> _WORK TO BE COMPLETED_: From the data below, set down exactly the lines between the one holding "2. Check the" and the one holding "类别的性能要求更高,最大损耗值为32 dB,最小为17 dB。", inclusive, and no others.

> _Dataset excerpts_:
::::::
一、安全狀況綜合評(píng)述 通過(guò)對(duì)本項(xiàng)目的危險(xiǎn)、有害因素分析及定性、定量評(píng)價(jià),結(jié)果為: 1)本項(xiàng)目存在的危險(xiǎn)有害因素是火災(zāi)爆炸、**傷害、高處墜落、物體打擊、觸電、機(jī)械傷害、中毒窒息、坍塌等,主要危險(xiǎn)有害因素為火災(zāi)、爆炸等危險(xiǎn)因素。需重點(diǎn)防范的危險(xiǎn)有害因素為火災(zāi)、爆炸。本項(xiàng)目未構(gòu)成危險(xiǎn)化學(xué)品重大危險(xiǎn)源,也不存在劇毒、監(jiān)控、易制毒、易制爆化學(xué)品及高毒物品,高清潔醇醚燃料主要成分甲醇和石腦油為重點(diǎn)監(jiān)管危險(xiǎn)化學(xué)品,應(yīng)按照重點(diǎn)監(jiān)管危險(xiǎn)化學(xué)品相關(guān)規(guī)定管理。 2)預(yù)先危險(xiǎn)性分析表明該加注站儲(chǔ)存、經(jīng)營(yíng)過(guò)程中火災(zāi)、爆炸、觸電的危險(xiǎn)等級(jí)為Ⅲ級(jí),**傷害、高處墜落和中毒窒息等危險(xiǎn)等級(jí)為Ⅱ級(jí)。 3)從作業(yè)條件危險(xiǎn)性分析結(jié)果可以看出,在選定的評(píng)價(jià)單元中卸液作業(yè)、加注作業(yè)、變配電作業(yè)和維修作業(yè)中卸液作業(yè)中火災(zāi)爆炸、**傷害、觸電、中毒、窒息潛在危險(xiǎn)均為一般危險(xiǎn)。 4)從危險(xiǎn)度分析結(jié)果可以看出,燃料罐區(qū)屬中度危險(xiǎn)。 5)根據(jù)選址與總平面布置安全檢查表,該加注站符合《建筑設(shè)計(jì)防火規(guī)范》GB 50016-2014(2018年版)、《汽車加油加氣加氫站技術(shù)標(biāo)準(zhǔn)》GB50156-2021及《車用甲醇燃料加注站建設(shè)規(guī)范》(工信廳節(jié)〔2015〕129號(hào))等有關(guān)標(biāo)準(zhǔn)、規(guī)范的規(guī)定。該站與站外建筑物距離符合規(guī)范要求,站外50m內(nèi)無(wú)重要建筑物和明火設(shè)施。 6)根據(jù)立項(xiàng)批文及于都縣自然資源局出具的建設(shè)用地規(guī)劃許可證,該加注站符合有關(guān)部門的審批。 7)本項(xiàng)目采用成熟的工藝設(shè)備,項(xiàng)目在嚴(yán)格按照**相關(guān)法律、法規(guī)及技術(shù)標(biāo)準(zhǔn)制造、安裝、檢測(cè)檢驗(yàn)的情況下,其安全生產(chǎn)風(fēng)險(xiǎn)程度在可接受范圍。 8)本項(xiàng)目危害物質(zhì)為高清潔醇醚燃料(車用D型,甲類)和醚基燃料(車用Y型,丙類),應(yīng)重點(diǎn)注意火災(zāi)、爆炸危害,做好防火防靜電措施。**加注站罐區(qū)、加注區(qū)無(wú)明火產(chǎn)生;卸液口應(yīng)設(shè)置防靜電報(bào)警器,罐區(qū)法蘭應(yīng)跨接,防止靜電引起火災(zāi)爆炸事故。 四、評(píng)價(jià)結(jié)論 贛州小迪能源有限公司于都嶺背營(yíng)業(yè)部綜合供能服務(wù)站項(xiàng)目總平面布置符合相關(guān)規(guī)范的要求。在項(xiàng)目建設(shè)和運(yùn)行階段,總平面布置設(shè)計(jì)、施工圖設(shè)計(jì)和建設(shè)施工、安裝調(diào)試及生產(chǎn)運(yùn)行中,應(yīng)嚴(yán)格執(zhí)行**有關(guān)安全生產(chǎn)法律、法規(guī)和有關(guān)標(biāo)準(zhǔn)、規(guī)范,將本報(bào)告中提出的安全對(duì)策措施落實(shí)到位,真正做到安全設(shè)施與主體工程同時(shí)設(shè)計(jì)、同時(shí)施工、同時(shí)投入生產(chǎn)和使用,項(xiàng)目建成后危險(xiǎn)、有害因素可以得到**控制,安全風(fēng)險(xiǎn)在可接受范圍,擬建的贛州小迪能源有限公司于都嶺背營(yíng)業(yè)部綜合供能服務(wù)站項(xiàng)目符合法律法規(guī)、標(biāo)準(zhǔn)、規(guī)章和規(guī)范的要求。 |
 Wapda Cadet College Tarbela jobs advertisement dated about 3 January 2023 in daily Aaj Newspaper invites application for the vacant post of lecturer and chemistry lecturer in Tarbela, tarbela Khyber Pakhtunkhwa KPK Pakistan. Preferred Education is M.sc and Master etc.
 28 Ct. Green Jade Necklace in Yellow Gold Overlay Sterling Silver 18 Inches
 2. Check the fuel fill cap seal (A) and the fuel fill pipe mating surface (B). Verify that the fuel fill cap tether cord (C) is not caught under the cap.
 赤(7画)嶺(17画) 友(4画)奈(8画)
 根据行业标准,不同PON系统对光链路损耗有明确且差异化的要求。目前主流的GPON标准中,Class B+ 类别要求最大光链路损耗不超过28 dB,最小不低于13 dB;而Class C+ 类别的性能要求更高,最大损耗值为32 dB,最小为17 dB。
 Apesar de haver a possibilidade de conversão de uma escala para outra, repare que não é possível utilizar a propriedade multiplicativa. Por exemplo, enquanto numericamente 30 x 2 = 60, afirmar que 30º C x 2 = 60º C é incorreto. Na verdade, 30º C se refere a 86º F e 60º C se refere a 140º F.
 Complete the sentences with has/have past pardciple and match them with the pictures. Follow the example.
::::::
> _TASK RESULT_:
 2. Check the fuel fill cap seal (A) and the fuel fill pipe mating surface (B). Verify that the fuel fill cap tether cord (C) is not caught under the cap.
 赤(7画)嶺(17画) 友(4画)奈(8画)
 根据行业标准,不同PON系统对光链路损耗有明确且差异化的要求。目前主流的GPON标准中,Class B+ 类别要求最大光链路损耗不超过28 dB,最小不低于13 dB;而Class C+ 类别的性能要求更高,最大损耗值为32 dB,最小为17 dB。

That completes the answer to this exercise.